Par Laurence Bindner et Raphael Gluck, co-fondateurs de JOS Project


Au cours de l’année 2018, alors que Daech recule de plus en plus sur le terrain, l’Etat islamique (EI) résiste sur un autre front, celui du djihad médiatique. Les nouvelles productions, en nombre certes réduit, continuent d’être diffusées sur le web, tandis que les archives relatives à l’idéologie, la doctrine, la stratégie et les modes opératoires demeurent disponibles.

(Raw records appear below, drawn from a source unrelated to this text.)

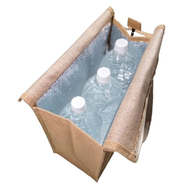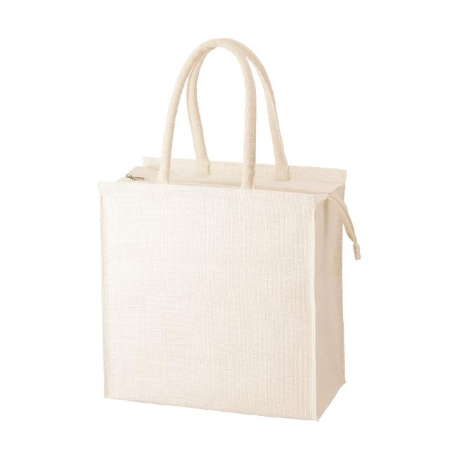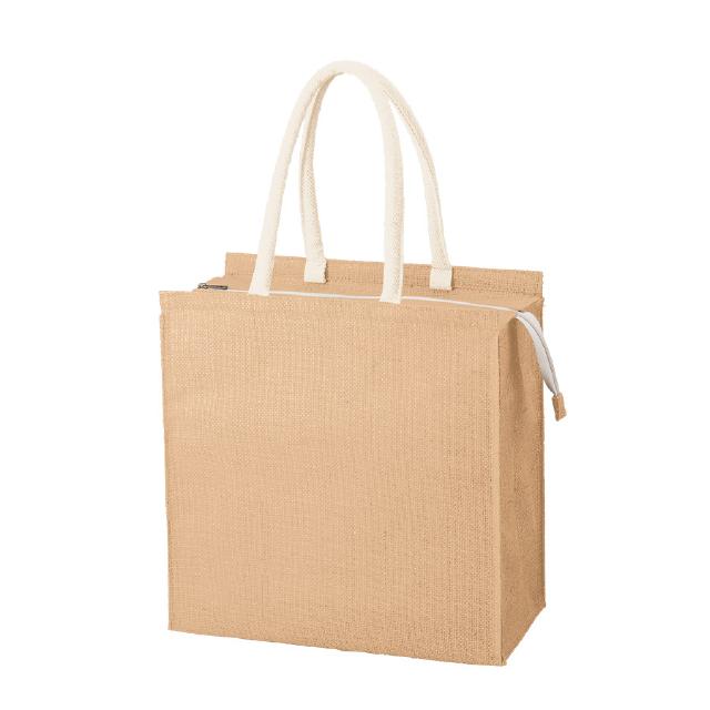 TR-1223 | MARKLESS STYLEジュート素材の保冷・保温バッグです。スクエア型の自立する形状で物が入れやすく、2Lペットボトルがぴったりと入る高さです。ハンドルの部分の長さが肩に掛けられるようになっているので、お買い物などに適しています。ファスナー仕様でしっかり口が閉じるので、中身が飛び出さず安心です。普段使いからレジャーやアウトドアまで幅広く活躍できる商品です。スーパーのオリジナルグッズや、ファミリー層向けのノベルティ、SDGsに取り組む企業様にも人気の高い商品です。
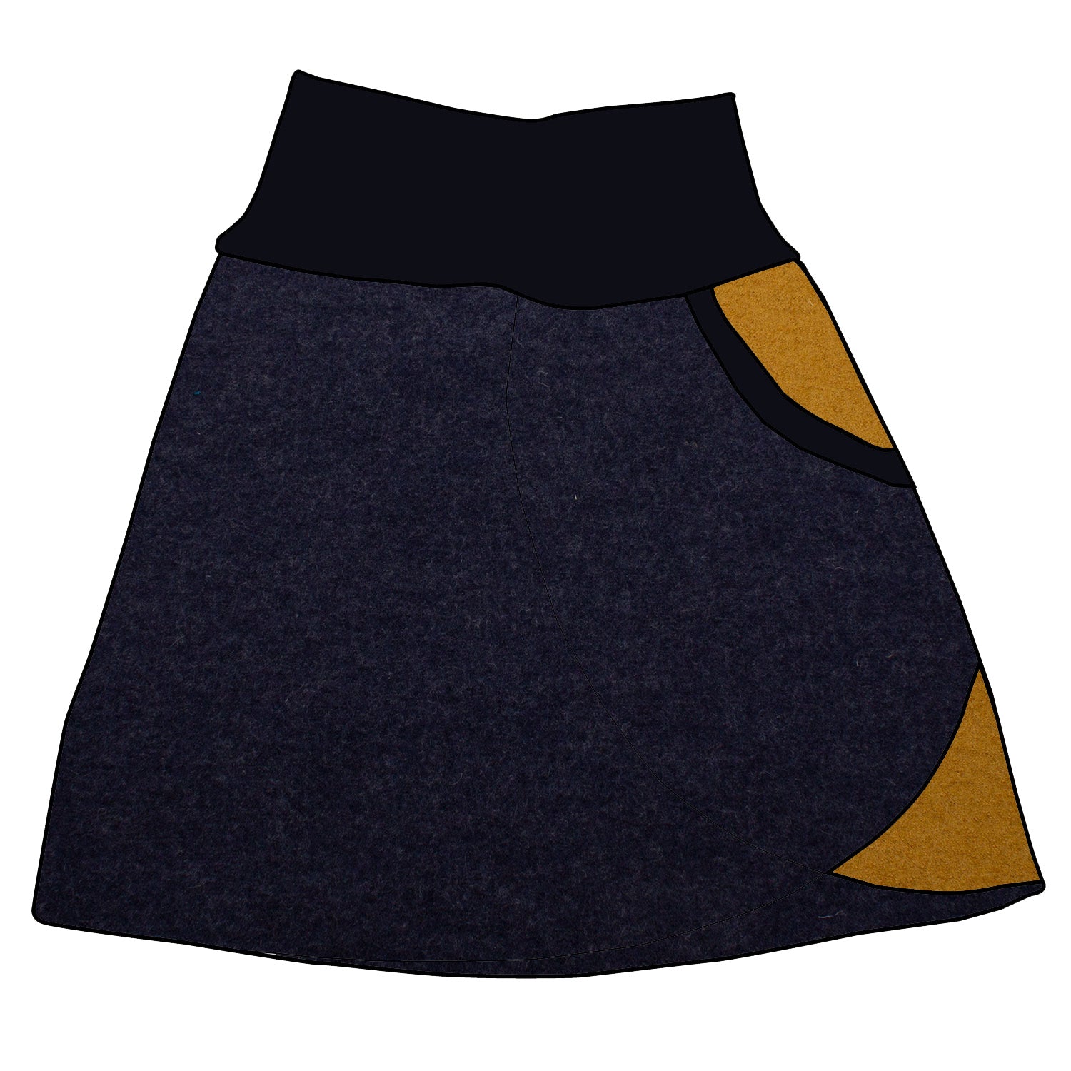 Damen Walkrock / falscher Wickelrock Walk Dunkelblau meliert / Senf
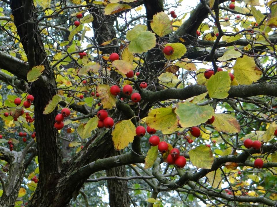 Aubépine en forme de petit arbre au port arqué. Feuilles pleines, ovales, jaune orange en automne. Gros fruits rouges en automne. Hauteur de 3 à 4m.
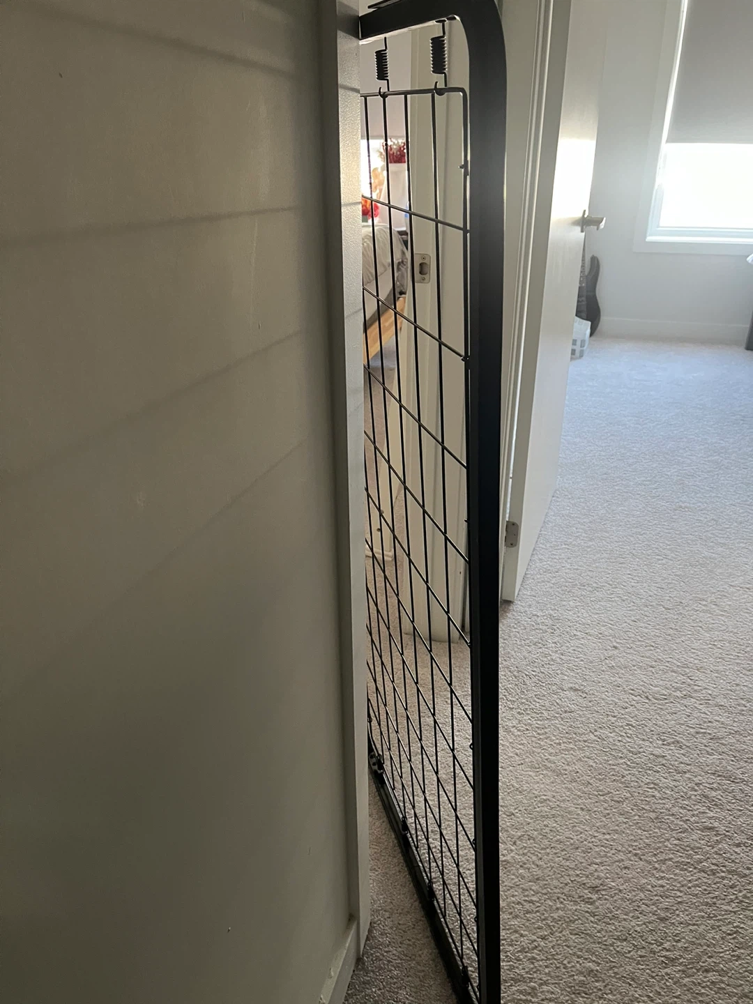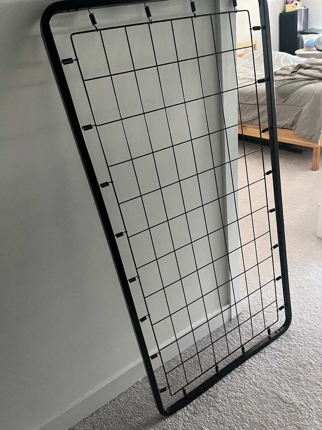 This is a black metal bed frame base for a crib. . It's a wire grid design with a sturdy metal frame and spring supports. It's suitable for supporting a mattress directly.
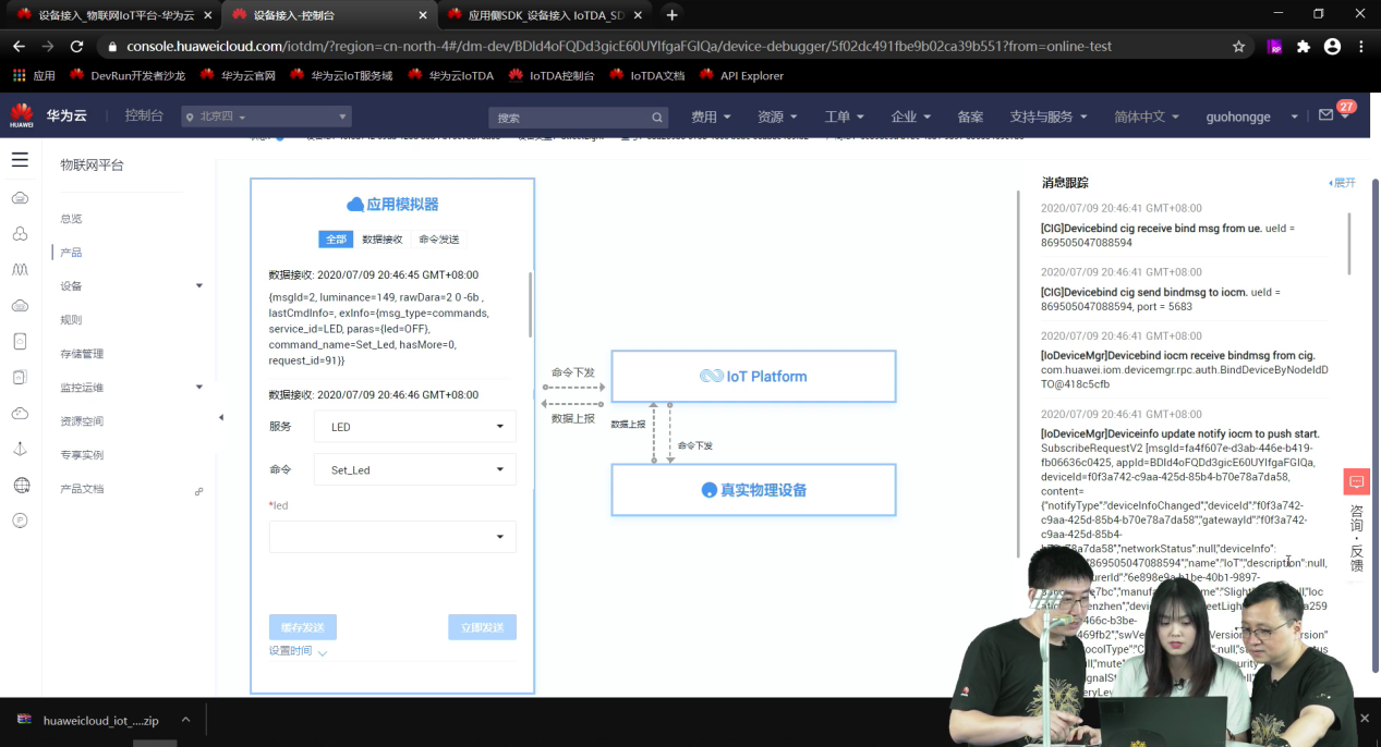 示例代码实现端云双向通信 说该章节适合开发人员,您可以下载样例代码或者自行开发,将代码放在您的真实设备或者在windows/Linux个人计算机上模拟真实设备进行运行,完成设备接入的基本流程,同时能了解规则引擎、AMQP推送等高阶功能。

Les schémas de dissémination ont évolué : les djihadistes se sont repliés des grands réseaux sociaux vers le deep web et les applications de messageries chiffrées telles que Telegram, rendant l’offre idéologique des groupes djihadistes moins immédiatement accessible au grand public. Néanmoins, ceux-ci s’efforcent toujours avec constance de faire émerger leurs contenus sur les réseaux sociaux où la viralité confère une portée plus significative à chaque contenu. Ils les disséminent également vers un nombre croissant de plateformes – clouds ou sites de partage de fichiers -, parfois submergés de propagande djihadiste. Parallèlement, la mouvance d’ultra-droite, atomisée, est en phase de structuration et d’intensification de son activité, avec un point d’orgue lors de la diffusion de la vidéo de l’attentat contre les mosquées de Christchurch le 15 mars 2019.